Decided on December 4, 2024 SUPREME COURT OF THE STATE OF NEW YORK Appellate Division, Second Judicial Department
FRANCESCA E. CONNOLLY, J.P.
WILLIAM G. FORD
HELEN VOUTSINAS
PHILLIP HOM, JJ.

2021-02841
(Ind. No. 1262/19)

[*1]The People of the State of New York, respondent,

v

Mateo Argueta, appellant.




Joseph Z. Amsel, New York, NY, for appellant.

Anne T. Donnelly, Mineola, NY (Sarah S. Rabinowitz and Cristin N. Connell of counsel), for respondent.



DECISION & ORDER

Appeal by the defendant from a judgment of the Supreme Court, Nassau County (Teresa K. Corrigan, J.), rendered April 12, 2021, convicting him of attempted criminal sexual act in the second degree, upon his plea of guilty, and imposing sentence.

ORDERED that the judgment is affirmed.

On March 15, 2021, the defendant appeared virtually before the Supreme Court to accept a plea offer. The defendant consented to his virtual appearance on the record. The defendant entered a plea of guilty to attempted criminal sexual act in the second degree. As a condition of the plea agreement, the defendant waived his right to appeal.

The defendant's claim that he did not knowingly, intelligently, and voluntarily consent to the virtual proceedings is unpreserved for appellate review (see People v Bonilla, 219 AD3d 1094, 1095). In any event, this contention is without merit, as the Supreme Court sufficiently obtained his consent to the virtual proceedings on the record.

The defendant's contention that his plea of guilty was not knowing, intelligent, and voluntary is also unpreserved for appellate review, as he did not move to withdraw his plea or otherwise raise the issue before the Supreme Court (see People v Pray, 183 AD3d 842, 842). In any event, that contention is also without merit. "Whether a plea was knowing, intelligent and voluntary is dependent upon a number of factors 'including the nature and terms of the agreement, the reasonableness of the bargain, and the age and experience of the accused'" (People v Mack, 168 AD3d 1100, 1101, quoting People v Garcia, 92 NY2d 869, 870 [internal quotation marks omitted]). "It is axiomatic that the court 'need not engage in any particular litany' in order to ensure that a defendant makes a 'knowing, voluntary and intelligent choice among alternative courses of action'" (People v Scott, 151 AD3d 1702, 1702, quoting People v Conceicao, 26 NY3d 375, 382). Here, the record of the plea proceeding demonstrates that the defendant's plea was a knowing, intelligent, and voluntary choice (see People v Ramos, 164 AD3d 922, 923; People v Scott, 151 AD3d at 1702).

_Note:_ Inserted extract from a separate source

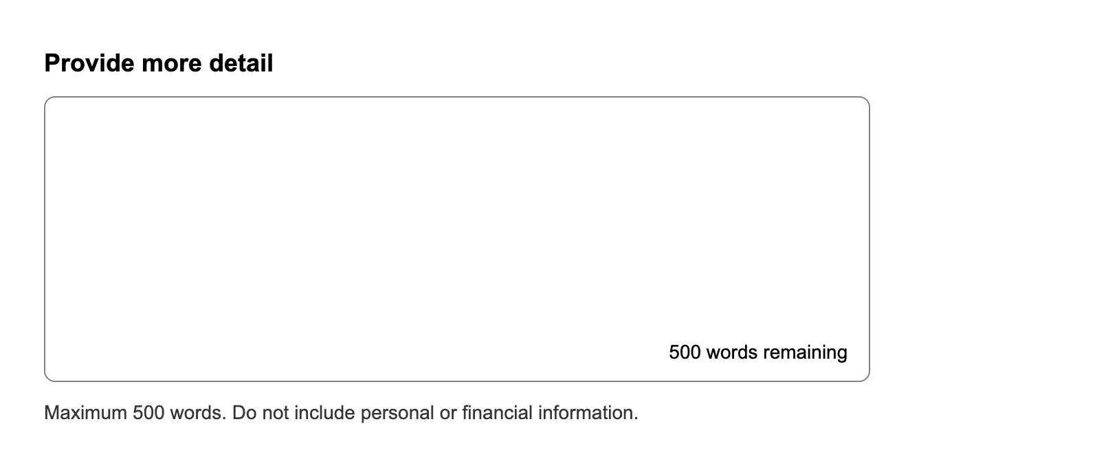 Provide context and guidance before a long-answer text field to help users provide relevant information.
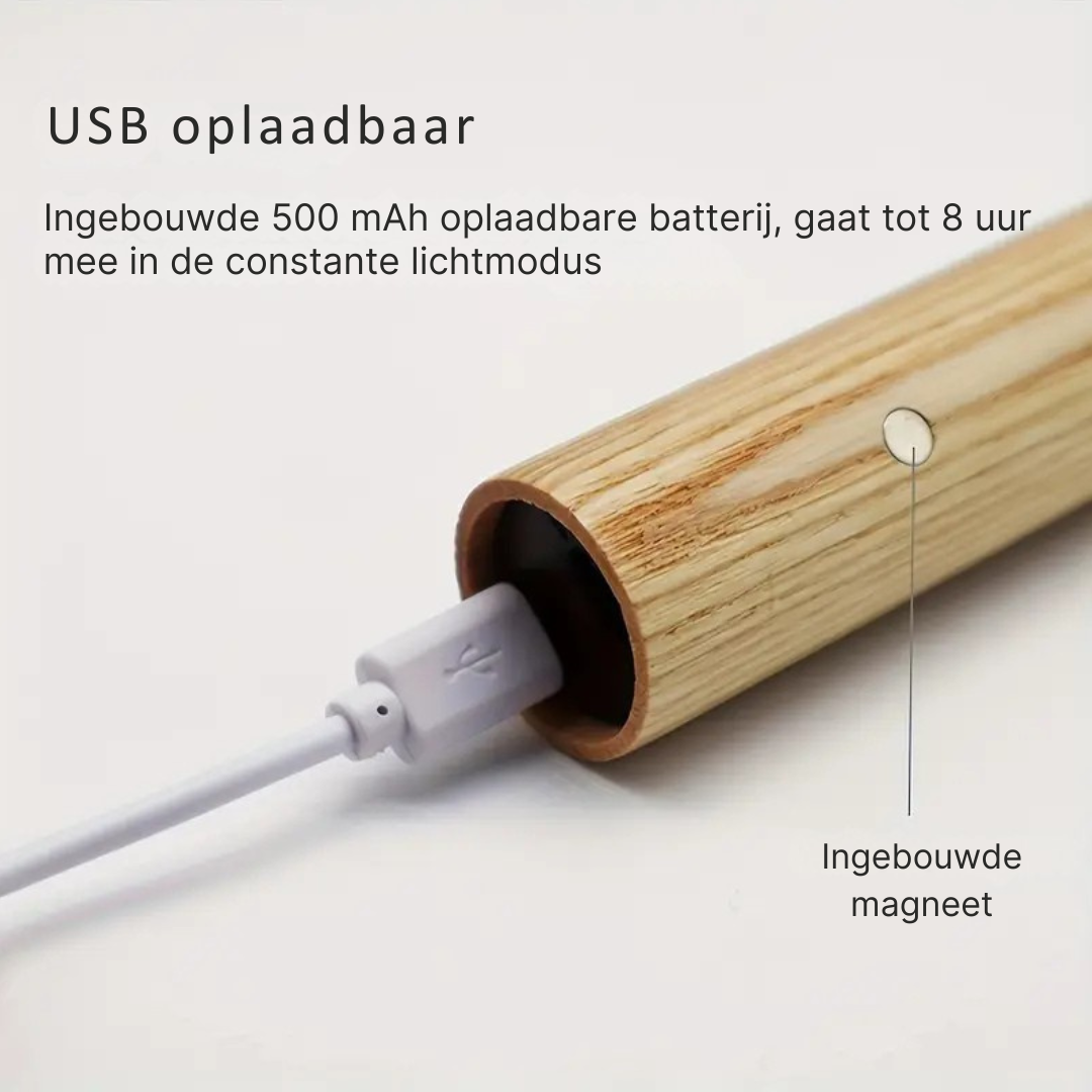 De LumiWood wordt geleverd met een USB-kabel. Daarmee laad je de ingebouwde 500 mAh lithiumbatterij eenvoudig op via een adapter, powerbank of laptop.

The record further demonstrates that the defendant knowingly, willingly, and intelligently waived his right to appeal (see People v Lopez, 6 NY3d 248, 254). The defendant's [*2]valid waiver of his right to appeal precludes appellate review of his contention that the sentence imposed was excessive (see id. at 255-256).

CONNOLLY, J.P., FORD, VOUTSINAS and HOM, JJ., concur.